Hubbub has gone into hibernation.

The end (of the Learning Lab project) is near

So as you know we’ve been work­ing on a metagame for the Learn­ing Lab. This year’s Learn­ing Lab is com­ing to an end and so in order to have the metagame ready before the next one kicks off, it’s time to wrap up: writ­ing won­der­ful design docs, cre­at­ing wicked wire­frames, basi­cal­ly mak­ing a plug and play design to be passed on to a Word­Press devel­op­er.

But before we got to this point, this point of con­fi­dence and readi­ness, we had one last thing we had to do. We had to playtest. For real.

Seri­ous­ly though, we had test­ed and test­ed and test­ed, with­in Hub­bub, with Thieu, with who­ev­er we need­ed to see if it was work­ing. If what was work­ing? Game­play, inter­ac­tion, ter­mi­nol­o­gy, con­tent… you name it, we test­ed it, we made it work.
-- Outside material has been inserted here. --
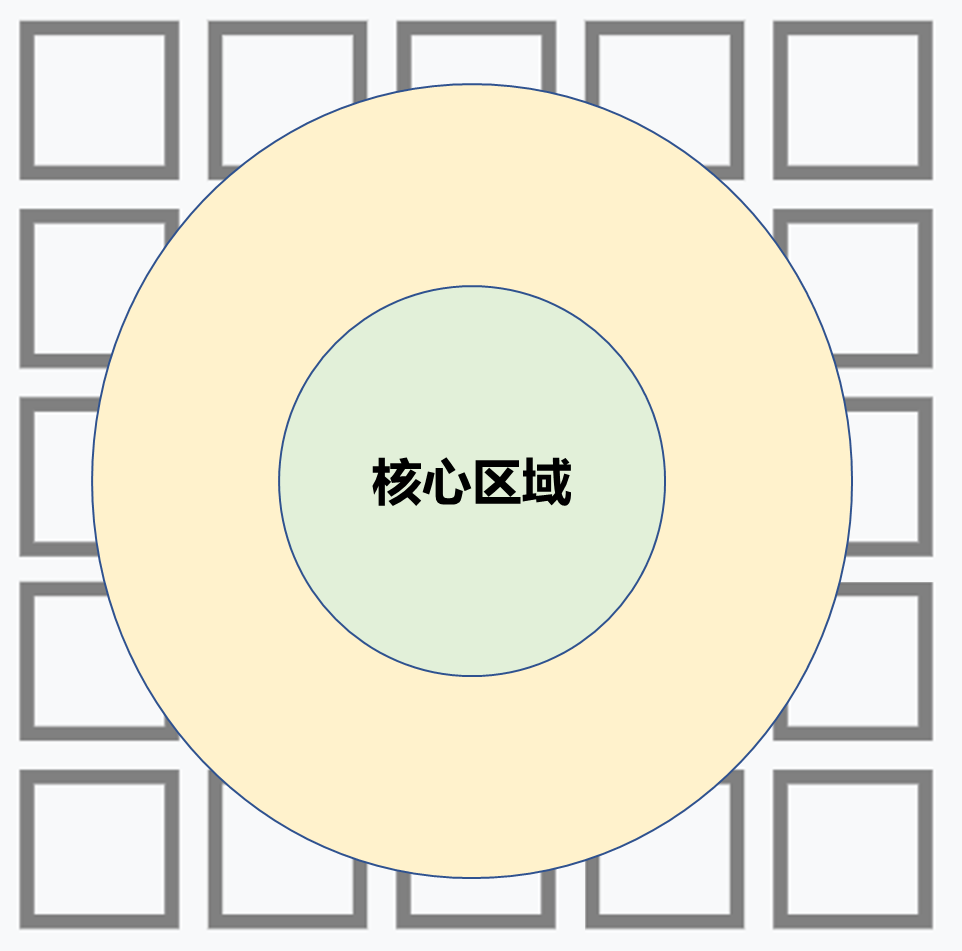 先聊一下爆炸的细节问题:爆炸半径是2格范围,影响着超过9格的敌人。其中爆炸中心是一个半径1.1格的圆形,位于其中过的敌人会受到额外伤害。这里用一张图来大致演示一下范围:

Then of course came the point of test­ing it with the stu­dents. But as time was run­ning out, and with our game being more com­pli­cat­ed than just giv­ing bananas or throw­ing feces, we knew test­ing online wasn’t gonna work out. And so we trans­lat­ed our con­cept into a paper pro­to­type one last time. Here’s what we did:

All the stu­dents were giv­en the assign­ment to cre­ate a poster regard­ing the Learn­ing Lab. These would be used as their blog­posts. At the actu­al test, we gave all the stu­dents one com­ment card, to be put on some­one else’s poster. These com­ment cards asked for, well, com­ments, but also asked the stu­dents to rate the poster they were com­ment­ing on: how did it score regard­ing the authen­tic­i­ty of the poster? Was the poster insight­ful?

After the first round, every­one was giv­en new com­ments based on the amount of com­ments that were put onto your own poster. Nobody post­ed on yours? Only one com­ment for you, sir! Twelve peo­ple post­ed on yours? That’s a whoopin’ 13 ready to be spent!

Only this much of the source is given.